Mary has left behind a legacy and an understanding very few therapists will ever rightly gain, a true pioneer of our work, whom I personally feel very honoured to have been trained by. I know she is very sadly missed.

I am sure many that had the privilege of meeting her will reminisce on some very fond memories of her 'true to form' character that has made many a story for both students of ESMA and clients. A formidable lady with an extraordinary gift and the kindest of hearts.

I particularly love this excerpt from 'The Independent’ published in 1997 aptly titled 'Woman With Touch Of Gold'.

"…But if the idea of a personal physio for a horse seems indulgent, why should it? These days no self-respecting athlete would run a step without one, and racehorses are but sportsmen and women in equine form".

Downs House, Mary's home, was the first equestrian rehabilitation yard in the world in 1984, and it is quite astonishing now to think how far the equestrian world has come.

It is now commonplace for sport horses to have personal 'therapists', but there is still so much to be done and so much knowledge and understanding to be gained from and about these beautiful animals.

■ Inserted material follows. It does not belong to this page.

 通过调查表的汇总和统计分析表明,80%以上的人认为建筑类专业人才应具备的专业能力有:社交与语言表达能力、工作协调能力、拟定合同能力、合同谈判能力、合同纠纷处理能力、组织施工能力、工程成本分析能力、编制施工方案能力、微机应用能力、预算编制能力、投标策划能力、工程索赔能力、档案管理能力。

That paragraph reminds me why it is so important to keep this dear and incredibly well founded association alive, continuing in Mary's quest to make 'therapy' for horses and riders thought of around the world as a requirement, not an indulgence, and ultimately to always try and educate and help the horses as much as we can.

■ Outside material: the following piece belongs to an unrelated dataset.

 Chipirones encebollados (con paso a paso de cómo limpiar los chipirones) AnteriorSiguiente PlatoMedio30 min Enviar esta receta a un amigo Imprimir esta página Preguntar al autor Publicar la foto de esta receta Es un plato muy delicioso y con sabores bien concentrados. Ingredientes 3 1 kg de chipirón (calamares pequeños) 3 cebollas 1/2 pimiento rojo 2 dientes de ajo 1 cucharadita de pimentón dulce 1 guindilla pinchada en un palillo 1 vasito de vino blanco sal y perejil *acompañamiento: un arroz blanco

Mary played a huge role within Team New Zealand at the Olympics and there will be many professionals saddened by her loss and grateful for all that she gave. Her books will continue to be read by every student with a passion for healing horses, and students and client’s stories of her larger than life character will live on.

I, along with all those that had the privilege of meeting her and the many that have read about her or read her books, thank her for so much, for not only defining and paving the careers for equestrian therapists, but teaching the world of the wonders of therapy to both horse and rider.

My aim as Chair is to uphold what I see as 'Mary's association', I know Mary would have understood and supported our vision for changing the name, branding and focus behind this great association, and I will always try my hardest to uphold the ESTA.